Two points A and B are on opposite sides of a building. A surveyor selects a third point C to place a transit Point C is 47 feet from point A and 64 feet from point B. The angle ACB is 56 degrees. How far apart are points A and B?
We can use the law of cosines to solve for the distance between points A and B. The law of cosines states that for any triangle with sides of lengths a, b, and c and an angle C opposite the side of length c, the following equation holds:
c^2 = a^2 + b^2 - 2 * a * b * cos(C)
In this case, we have a = 47 ft, b = 64 ft, and angle C = 56 degrees.
We need to first convert the angle to radians:
56 degrees * (pi radians / 180 degrees) ≈ 0.977 radians
Now we can plug the values into the law of cosines formula:
c^2 = (47 ft)^2 + (64 ft)^2 - 2 * 47 ft * 64 ft * cos(0.977 radians)
c^2 ≈ 2209 + 4096 - (2 * 47 * 64 * 0.558)
c^2 ≈ 6305 - 3408.32
c^2 ≈ 2896.68
Now we can find the length of c (the distance between points A and B) by taking the square root:
c ≈ √2896.68
c ≈ 53.84 ft
So the distance between points A and B is approximately 53.84 feet.
To find the distance between points A and B, we can use the Law of Cosines. This law relates the angles and the sides of a triangle.
The Law of Cosines states that in a triangle with sides of lengths a, b, and c, and an angle C opposite the side of length c, we have the formula:
c^2 = a^2 + b^2 - 2ab * cos(C)
In this case, we know that point C is 47 feet from point A and 64 feet from point B, and the angle ACB is 56 degrees. Let's denote the distance between points A and B as x.

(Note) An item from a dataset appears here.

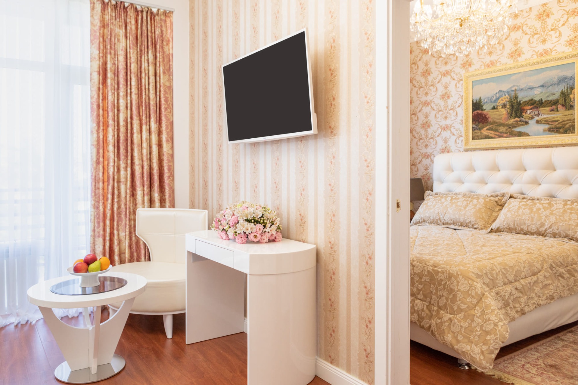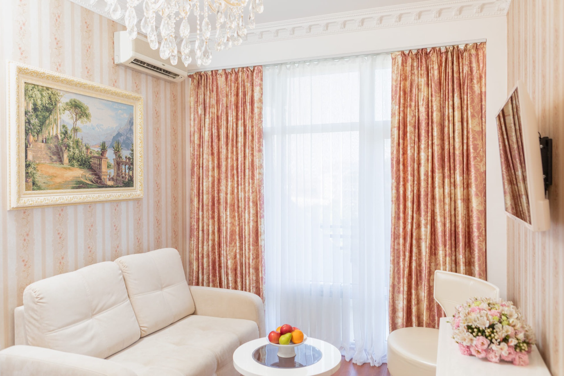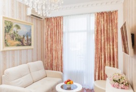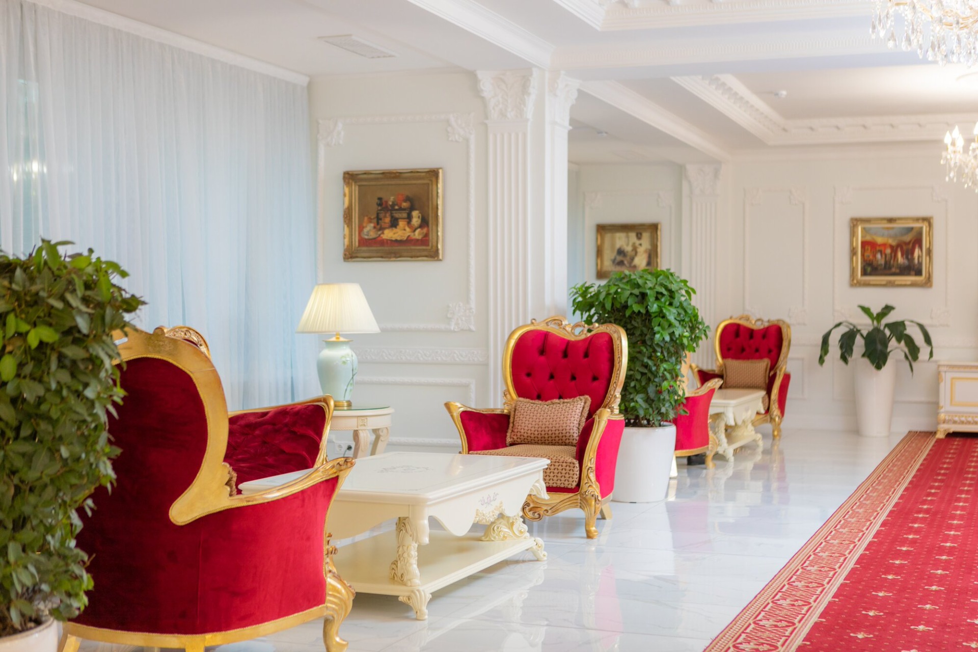 - Люкс. Двухместный двухкомнатный номер, рассчитан на проживание двух человек. Предусмотрены дополнительные места. Общая площадь от 40 кв.м. Номера оформлены в классическом стиле. В ванной комнате площадью 9 кв.м. унитаз, биде, раковина, джакузи или ванна, душевая кабина. В номерах: корпусная и мягкая мебель, система кондиционирования, холодильник, телевизор, спутниковые и эфирные каналы телевидения, телефон, Wi-Fi (бесплатный доступ в интернет), сейф, мини-бар, набор посуды, фен. На балконе: ротанговая мебель, шезлонги. Питание осуществляется в "Красном" и "Коралловом" залах.

Applying the Law of Cosines, we get:
x^2 = 47^2 + 64^2 - 2 * 47 * 64 * cos(56)
Now we can calculate this expression:
x^2 = 2209 + 4096 - 2 * 47 * 64 * cos(56)
x^2 = 2209 + 4096 - 2 * 47 * 64 * 0.559193
x^2 = 2209 + 4096 - 2 * 47 * 64 * 0.559193
x^2 = 2209 + 4096 - 5378.368
x^2 = 9326.632
Taking the square root of both sides, we get:
x = sqrt(9326.632)
Calculating this square root, we find:
x ≈ 96.448
Therefore, points A and B are approximately 96.448 feet apart.